Principles for building streaming analytics systems

Designing streaming analytics and streaming data processing systems has its own nuances, its own problems, and its own technological stack. We talked about this in the next open lesson , which took place on the eve of the launch of the Data Engineer course.



At the webinar discussed:

• when streaming processing is needed;
• what elements are in SPOD, what tools can we use to implement these elements;
• how to build your own clickstream analysis system.

Lecturer - Egor Mateshuk , Senior Data Engineer at MaximaTelecom.

When is streaming needed? Stream vs Batch

First of all, we need to figure out when we need streaming, and when batch processing. Let us explain the strengths and weaknesses of these approaches.



So, the disadvantages of batch processing:

• data is delivered with a delay. Since we have a certain period of calculations, then for this period we always lag behind real time. And the more iteration, the more we lag behind. Thus, we get a time delay, which in some cases is critical;
• peak load on iron is created. If we calculate a lot in batch mode, at the end of the period (day, week, month) we have a peak load, because you need to calculate a lot of things. What does this lead to? First, we begin to rest against limits, which, as you know, are not infinite. As a result, the system periodically runs to the limit, which often ends in failures. Secondly, since all these jobs start at the same time, they compete and are calculated quite slowly, that is, you can’t count on a quick result.

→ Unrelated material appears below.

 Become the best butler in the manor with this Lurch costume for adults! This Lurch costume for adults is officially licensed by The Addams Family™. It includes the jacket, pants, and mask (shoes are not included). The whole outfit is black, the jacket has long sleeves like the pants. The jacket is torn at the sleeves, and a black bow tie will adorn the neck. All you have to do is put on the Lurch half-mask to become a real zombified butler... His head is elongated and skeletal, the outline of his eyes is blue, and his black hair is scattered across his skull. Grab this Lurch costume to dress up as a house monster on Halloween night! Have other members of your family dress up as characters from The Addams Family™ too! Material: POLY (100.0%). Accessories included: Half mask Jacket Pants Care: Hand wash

But batch processing has its advantages:

• high efficiency. We will not go deeper, since efficiency is associated with compression, with frameworks, and with the use of column formats, etc. The fact is that batch processing, if you take the number of processed records per unit time, will be more efficient;
• ease of development and support. You can process any part of the data by testing and recounting as necessary.

Advantages of streaming data processing (streaming):

• result in real time. We do not wait for the end of any periods: as soon as the data (even a very small amount) comes to us, we can immediately process it and pass it on. That is, the result, by definition, tends to real time;
• uniform load on iron. It is clear that there are daily cycles, etc., however, the load is still distributed throughout the day and it turns out more uniform and predictable.

The main disadvantage of streaming processing:

• complexity of development and support. First, testing, managing, and retrieving data is a bit harder when compared to batch. The second difficulty (in fact, this is the most basic problem) is associated with rollbacks. If jobs didn’t work, and there was a failure, it is very difficult to capture exactly the moment where everything broke. And solving the problem will require you more effort and resources than batch processing.

So, if you are thinking about whether you need streams , answer the following questions for yourself:

1. Do you really need real-time?
2. Are there many streaming sources?
3. Is losing one record critical?

Let's look at two examples :



Example 1. Stock analytics for retail:

• display of goods does not change in real time;
• data is most often delivered in batch mode;
• loss of information is critical.

In this example, it is better to use batch.



Example 2. Analytics for a web portal:

• analytics speed determines the response time to a problem;
• data comes in real time;
• Losses of a small amount of user activity information are acceptable.

Imagine that analytics reflects how visitors to a web portal feel using your product. For example, you rolled out a new release and you need to understand within 10-30 minutes whether everything is in order, if any custom features have broken. Let's say the text from the “Order” button is gone - analytics will allow you to quickly respond to a sharp drop in the number of orders, and you will immediately understand that you need to roll back.



Thus, in the second example, it is better to use streams.

SPOD elements

Data processing engineers capture, move, deliver, convert and store this very data (yes, data storage is also an active process!).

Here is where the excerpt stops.